I picked one of these up last week to help with turning on some of my components that my Logitech remote would not turn on. I was mostly after being able to turn on and off my Behringer EP2500 amp with the receiver. I currently have three digital parametric equalizers and the EP2500 connected so that they turn on with the receiver.

*Build Quality*

The Smart Strip seems to be built good. It did not feel like it was going to fall apart when I plugged things in and out of the outlets. There is a nice long 6' heavy gauge power cord. You have the option of a 12' or 20' cord in either white or black. The only down side was the 45 degree plug on the end that forces the cord in one direction (left). So, if you are going to the right out of the wall outlet, you will loose some length.

*Functionality*

After first opening the new Smart Strip, I wanted to test it with something other than my expensive audio gear. I grabbed my wife's hair dryer and a lamp as my test subjects. I plugged the dryer into the "control" outlet and the lamp into one of the switched outlets. It worked just as advertised. The lamp would turn on and off a second or so after the dryer was turned off. The turn on and off delay is NOT adjustable.

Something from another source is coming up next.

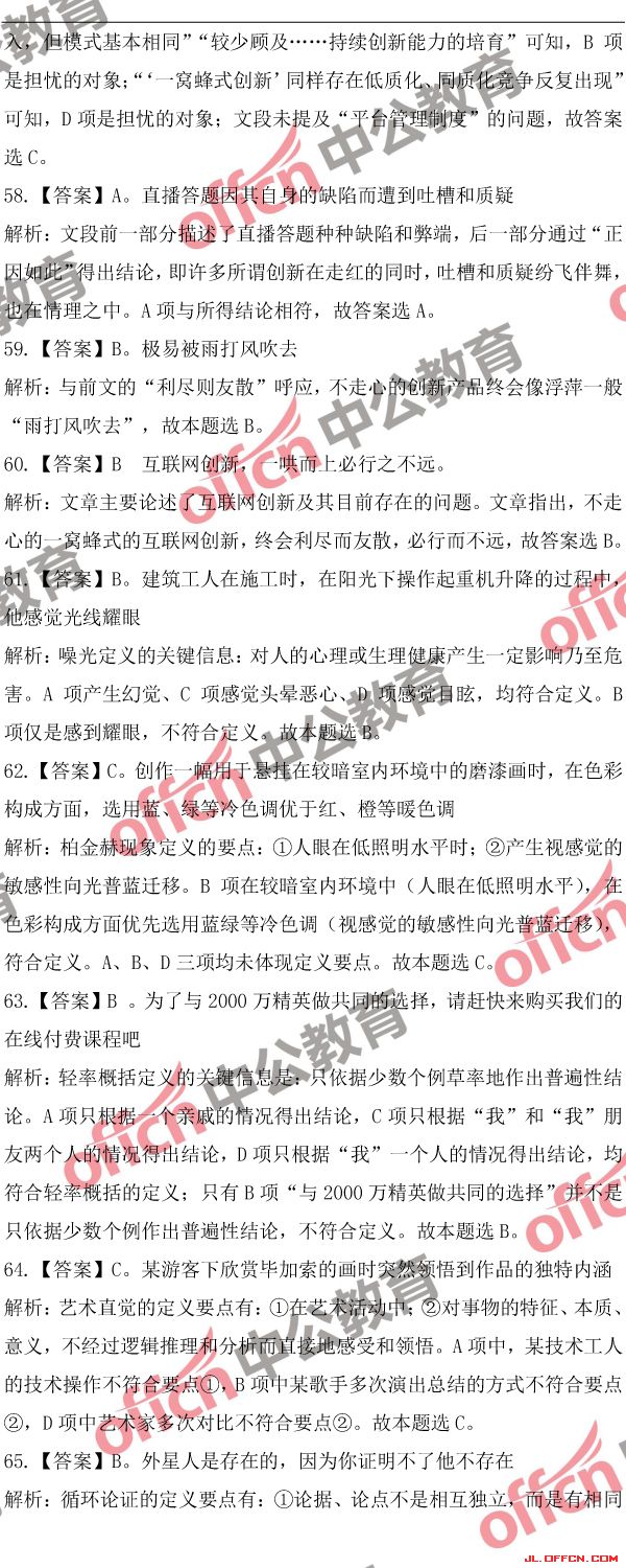 2018吉林公務(wù)員考試行測(cè)(乙)歷年參考答案及解析(9)[/page]
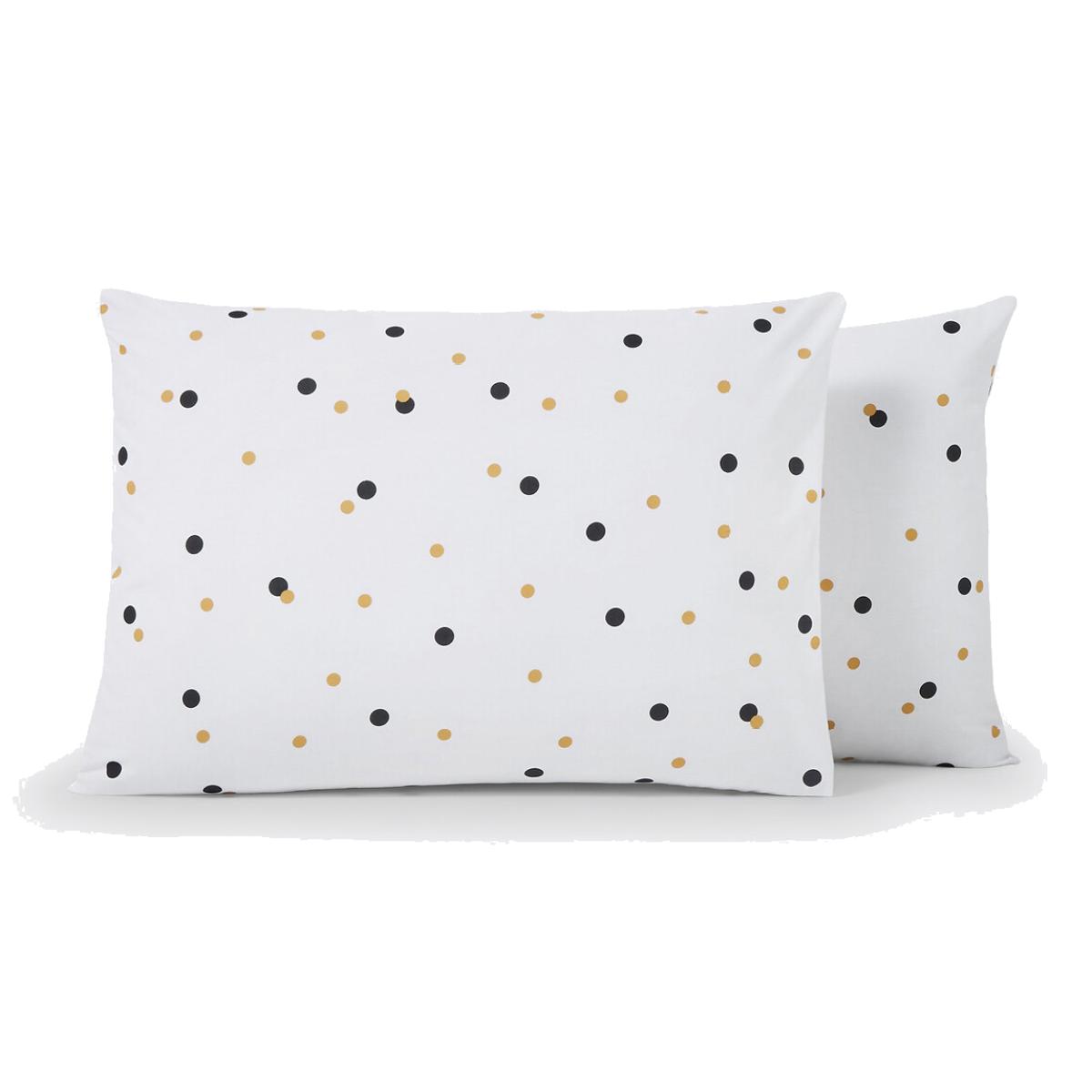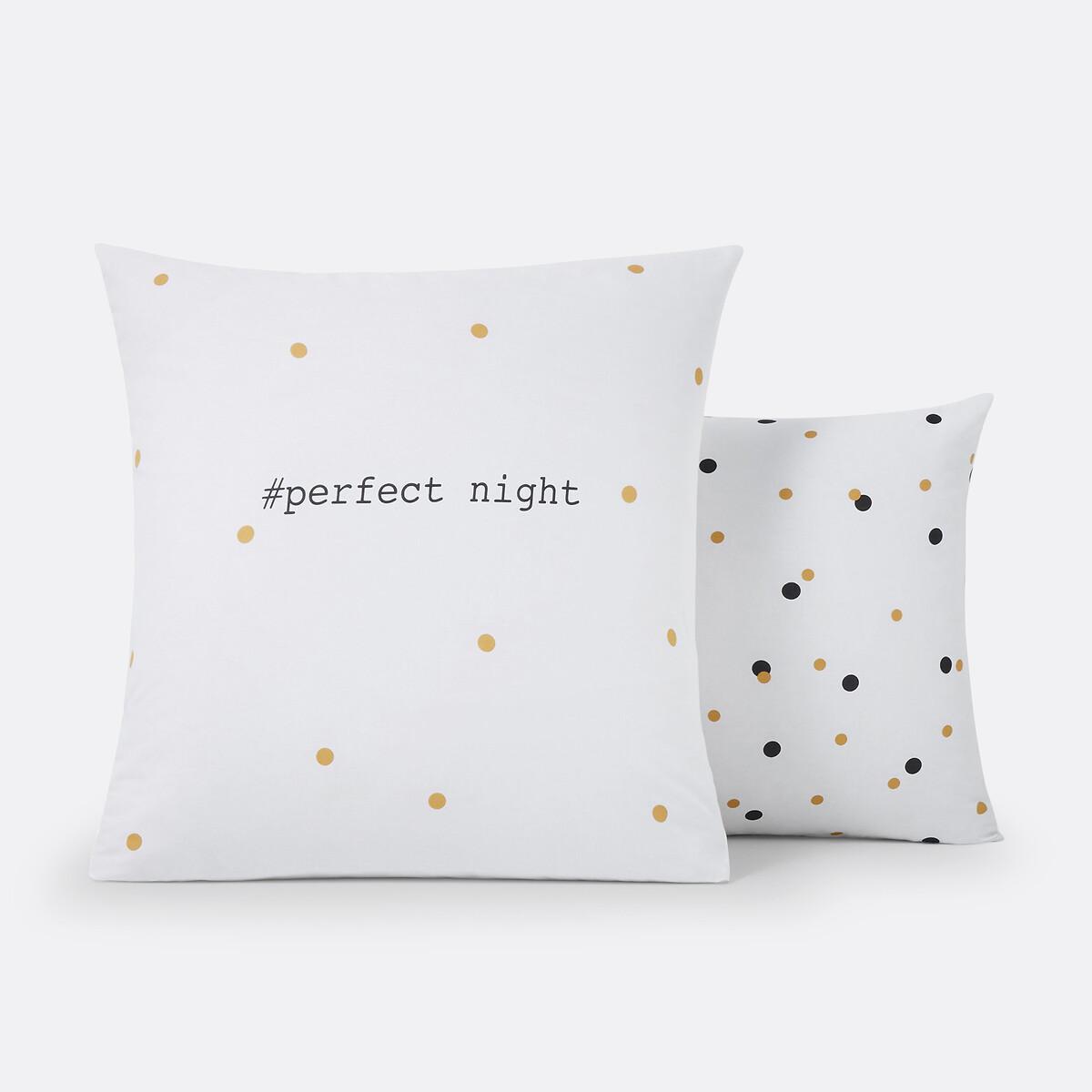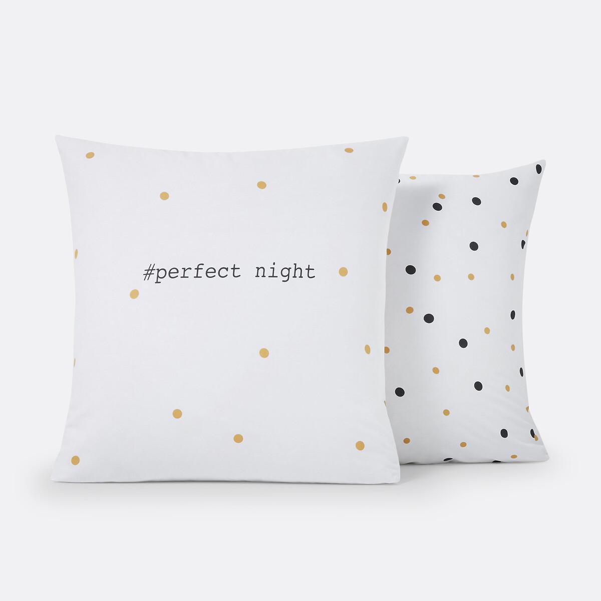 Perfect Night printed pillowcase. Pure brilliant white bedding sprinkled with pretty black and gold polka dots – it’s the perfect design for a perfect night!Cotton is part of our daily lives. We love it for its suppleness and softness. Easy Care, it is ideal for the beds of young and old alike!Product Details • 100% cotton • 144 thread count • Square : front printed with message and gold polka dots on white background, back with gold and black polka dots on white background • Rectangular cover: front / back gold and black polka dot patterns on white background. Care Advice • Machine washable at 60°C • By washing your laundry at 40°C instead of 60°C, you limit energy consumption. Dimensions • 50 x 70cm: Rectangular pillowcase • 63 x 63cm: Square pillowcase • OEKO-TEX® Standard 100. Standard 100 certification by OEKO-TEX® tests textile products for harmful substances via an independent, international label.

Now for the real test. I plugged my receiver into the "control" outlet and three digital parametric equalizers and one Behringer EP2500 into the switched outlets. My initial tests show that everything works properly. The one down side to this strip is that it only has a 15 amp breaker in it. Time and high volumes will tell if this is going to be an issue or not. So far, there are no loud turn on pops/booms or noises from the speakers. There is only the slightest sound from the subs when turned off. It is barely noticeable. Most of the time I do not hear it due to other noises in the room. It is NOTHING like the sound you get when you turn off the BFD! :hush:

Another nice feature on the Smart Strip is the adjustable sensitivity. There is a dial on the side of the unit that you can adjust if your components are not turning on or off with the unit. I did not have to make any adjustments to get it to work with the eq's and amp.

*Overall*

Overall, for $36 this is a good option for those looking for something other than the Sear's/Craftsman option. I have to give it a :T. If seven outlets are not enough for you, there is a 10 outlet version also available.


----------



## Wayne A. Pflughaupt (Apr 13, 2006)

Interesting gizmo, weverb, thanks for the review. Turning gear off and on is a perennial problem - a shame we often have to look outside the audio industry for solutions... :huh:

Regards,
Wayne


----------



## weverb (Aug 15, 2008)

Thanks Wayne,

I have used it a few times for different movies. I also tried some high volume stuff and it has worked just fine. No problems. :nerd:


----------